Fellow coaches wanted to know how they could help the tennis programs at Houston and Rice.

UH's Athletic Department is United in Helping the Community
© University of Houston Athletics

In an effort to coordinate the goodwill, the schools began donation drives to help supply locals in need with basic essentials.

Houston women's coach Courtney Steinbock sent an email to coaches requesting shirts and shoes. Rice women's coach Elizabeth Schmidt and Rice men's coach Efe Ustundag started by asking for shoes, but have been happy to accept socks, clothes and even blankets.

From the SEC to the Big Ten to the Pac-12 and many conferences in between, the response was more than the programs ever imagined.

“The support from the tennis community has been unbelievably overwhelming,” Schmidt said. “It's really been incredible to see everyone rally together and give emotional support and now transition to giving shoes and clothes.”

The idea for the athletic donation drive was sparked by Houston men's basketball coach Kelvin Sampson and quickly spread to other sports with the help of social media.

The NCAA programs in the Houston area wanted a way to give back to a community that has given them so much.

Many of their loyal fans and neighbors have been greatly impacted by a storm that has shattered rainfall records for the continental United States with more than 50 inches having fallen.

Local shelters are filled with people whose homes were destroyed or severely flooded. They lost most of their belongings and face a long road in rebuilding.

Although it's been hard to see the destruction Harvey has wrought, Steinbock has been heartened by the generosity of others.

“It has just been incredible the number of people that have reached out and offered their facilities or anything else we may need,” Steinbock said. “Right now we can use anything and everything to donate to others. We really want to try and get as much possible because there is so much need.”

The tennis programs don't know the exact number of items that have been donated since the mail system is down in the Houston area.

But they expect an onslaught of boxes filled with gear to start arriving in the coming days and weeks. Other programs have posted photos on Twitter of their donations being packed and sent.

The ITA made a video of their donation, and encouraged all tennis programs to donate as much as they can.

Rice Tennis Is Collecting Donations For Locals In Need
© University of Rice Athletics

Conference USA set up a relief fund, which received approval from the NCAA for Rice to donate all the proceeds to the local community.
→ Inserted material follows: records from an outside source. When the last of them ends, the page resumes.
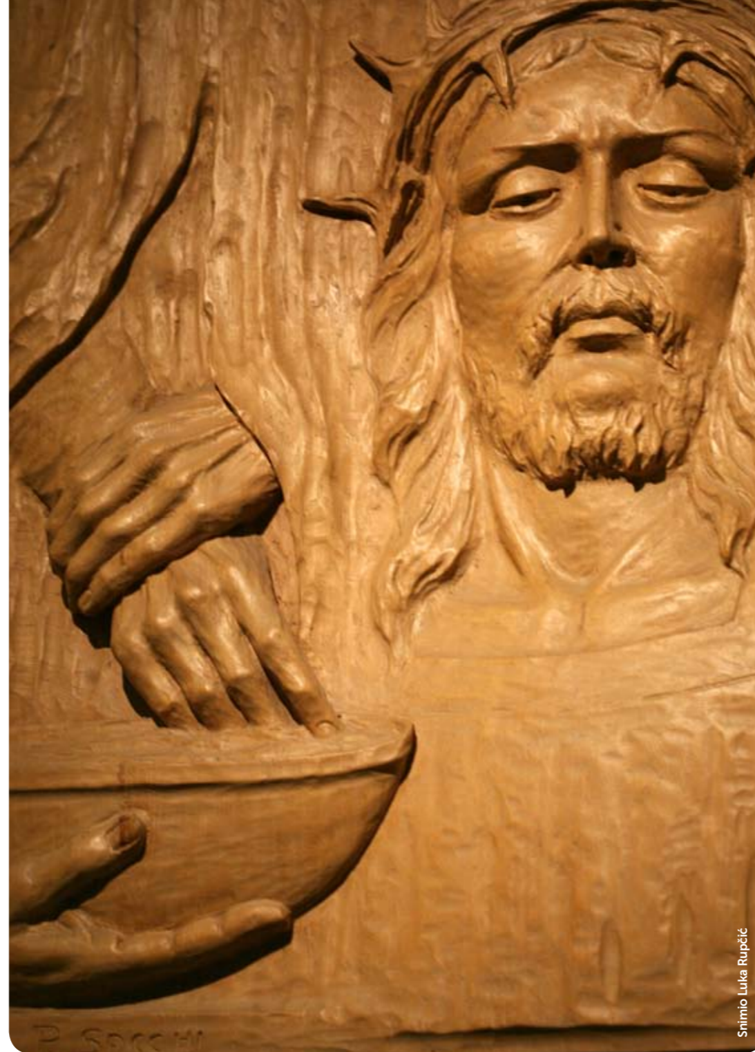
Srimio Luka Rupčić

Baciti oganj na zemlju: Isus htjede donijeti prevrat svih postojećih pokušaja svrstavanja ljudi na dobre i zle, pobožne boguugodnike i prokletnike, časne i nečasne, čestite i kužne. Razlučna pak crta prolazi kroz svači-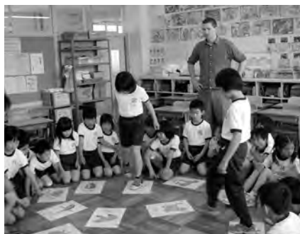
▲英語のゲームに夢中

さらに中学校英語を初めて経験した中学1年生2校2学級の生徒に、「小学校の英語で身についたことは何か」とアンケートをお願いしました。結果は、「英語をもっと話せるようになりたいと思った」と「英語が好きになった」という答えが他を圧倒していました。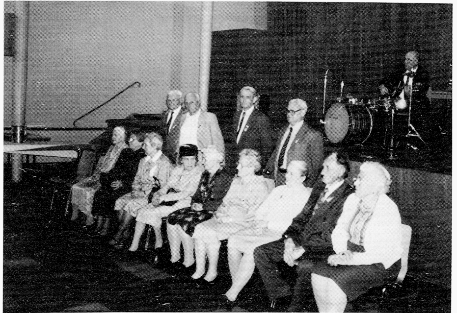
Seniorenehrung beim Treffen in Pforzheim, 1988

An eem scheene, heiße Spotjohrstag im Jahr 1914, um dreivertl ee Uhr mittags, hat zufällig d' Gmeehauschreiw'r Kármán Géza Telefondienschts ghat. No eem uffg'regte Telefong'spräch werft d' Tinteleckr d' Telefonherer hi. In dem Aueblick springtr a schon tapp'r uff, wie wannr sich uff ee heiße Sparherdplatt gsetzt ghat hätt. Er rudrt mit d' Ärm dorch die Luft zum Natari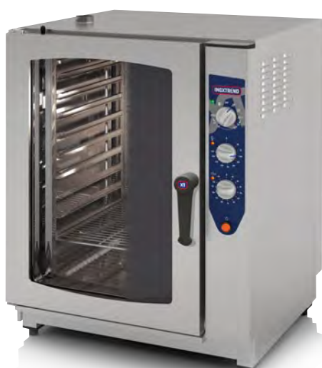
Mod. CDA 111 E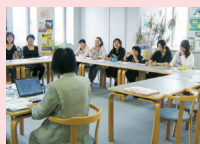
くらしのゼミナール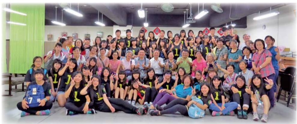
▲五專學生及老師至嘉義市居家服務中心參訪

二、辦理創意教學之「異業結合、老人服務：銀髮新生活體驗」活動，帶領學生體驗銀髮族生活的食衣住行，讓學生認識與體驗雲端科技於銀髮族之運用。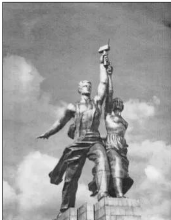
Hình 70. Liên minh công nông _ biểu tượng sức mạnh đoàn kết của Liên bang Xô viết

Về văn hoá, giáo dục, Liên Xô đã thanh toán được nạn mù chữ, xây dựng hệ thống giáo dục quốc dân thống nhất, hoàn thành phổ cập giáo dục tiểu học trong cả nước và thực hiện phổ cập giáo dục trung học cơ sở ở các thành phố. Đội ngũ trí thức Xô viết lên tới 10 triệu người vào năm 1937.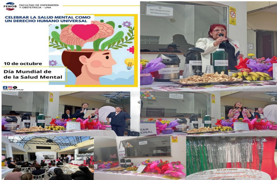
Proyecto de Extensión Salud Mental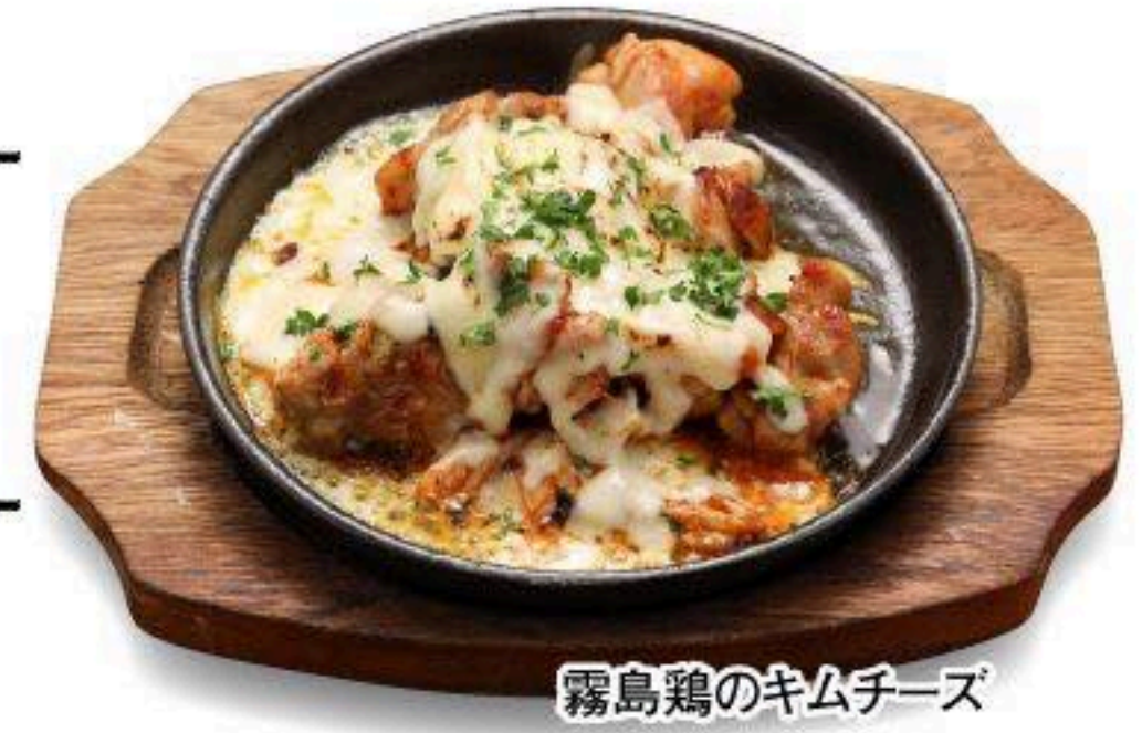
霧島鶏のキムチーズ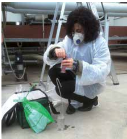
Las inspecciones periódicas son importantes para prevenir enfermedades como la Legionelosis.

Un total de 80 técnicos de la Dirección General de Ordenación e Inspección participan en este programa de control, que prevé un total de 3246 inspecciones durante el año 2014. "Gracias a estas inspecciones, Madrid se encuentra por debajo de la media nacio-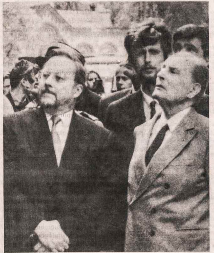
Su daugelio pasaulio valstybių vadais ir prezidentais teko susitikti Lietuvos Aukščiausiosios Tarybos pirm. Vytautui Landsbergiui. Šioje nuotraukoje jis Prancūzijos prezidentui François Mitterrand 1992 gegužės 14 d. rodo Vilniuje namą, kuriame 1918 m. vasario 16 d. buvo pasirašyta Lietuvos nepriklausomybės deklaracija.

Spalio 25 d. (pirmo turo) ir lapkričio 15 d. (antro turo) rinkimai į Lietuvos Seimą atnešė per-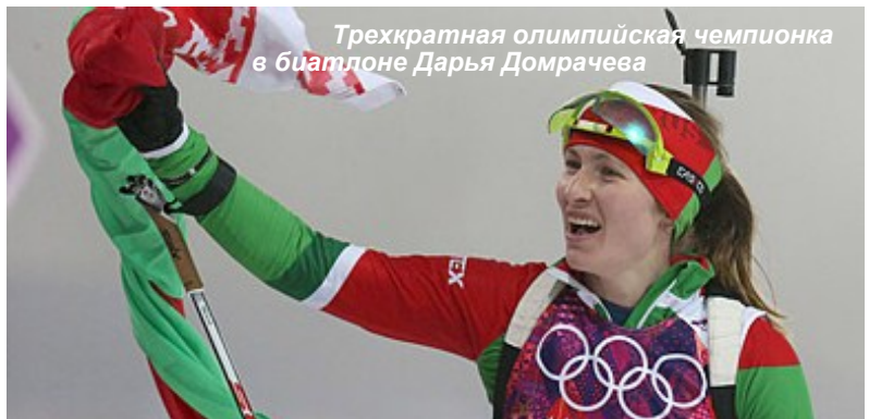
Трехкратная олимпийская чемпионка в биатлоне Дарья Домрачева

Первую золотую медаль в копилку сборной Беларуси завоевала Дарья Домрачева .

“I got an email from the Florida Institute of Technology saying they had been through something like this before and their student-athletes and administration were going to hold a drive this weekend to get stuff together to send down here to the people in Houston,” Schmidt said. “In such a tragedy, it's really heartwarming to see so much support for everybody in our city from so many different places across the country.”
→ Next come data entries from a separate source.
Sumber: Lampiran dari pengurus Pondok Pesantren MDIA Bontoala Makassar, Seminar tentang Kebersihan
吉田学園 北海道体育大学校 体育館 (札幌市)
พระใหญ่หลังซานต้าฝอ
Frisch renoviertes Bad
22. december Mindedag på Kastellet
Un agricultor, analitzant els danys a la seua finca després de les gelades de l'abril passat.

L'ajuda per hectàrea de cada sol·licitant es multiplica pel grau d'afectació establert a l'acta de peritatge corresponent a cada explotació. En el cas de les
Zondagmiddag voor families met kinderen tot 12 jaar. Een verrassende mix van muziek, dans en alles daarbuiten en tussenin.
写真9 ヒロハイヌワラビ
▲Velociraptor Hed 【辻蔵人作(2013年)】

Steinbock, Schmidt and Ustundag have tried to contact other college coaches in the area to make sure they are safe and ask if they need anything. Schmidt exchanged text messages with Lamar women’s coach David Wong, who told her his team was staying at his house because the city had lost access to clean water.

Houston's campus is closed until Tuesday, but Steinbock and her players are prepared to begin sorting through the donations once they arrive and determine where they will go next.

“We are going to try and distribute it any way we can,” Steinbock said. “We want to try and help as many people as possible and have it go to the right places. Once we get a better idea of how much stuff we have, we will figure out the best plan.”

Houston Helps Package Food During Hurricane Harvey
© Courtney Steinbock

Aside from soliciting donations, the Houston and Rice programs have been volunteering in the community at places like food banks.

They realize once the national attention wanes and the flood waters recede, people will still be struggling and need help.

“That is something Efe, Courtney and I have communicated about. I think there is an opportunity for us to continue to stay active in volunteering,” Schmidt said. “This is going to affect our city for a long time, and it's important for our student-athletes to continue to help long past the next couple of days. It's important to keep using the platform to help others.”

In the midst of the ravaging storm, Steinbock managed to find a brief moment of levity. Her new assistant Santiago Lobelo joined the program two weeks ago.

“I told him I don't know what other city you start off with a solar eclipse at the beginning and a hurricane at the end,” Steinbock said. “But welcome to Houston.”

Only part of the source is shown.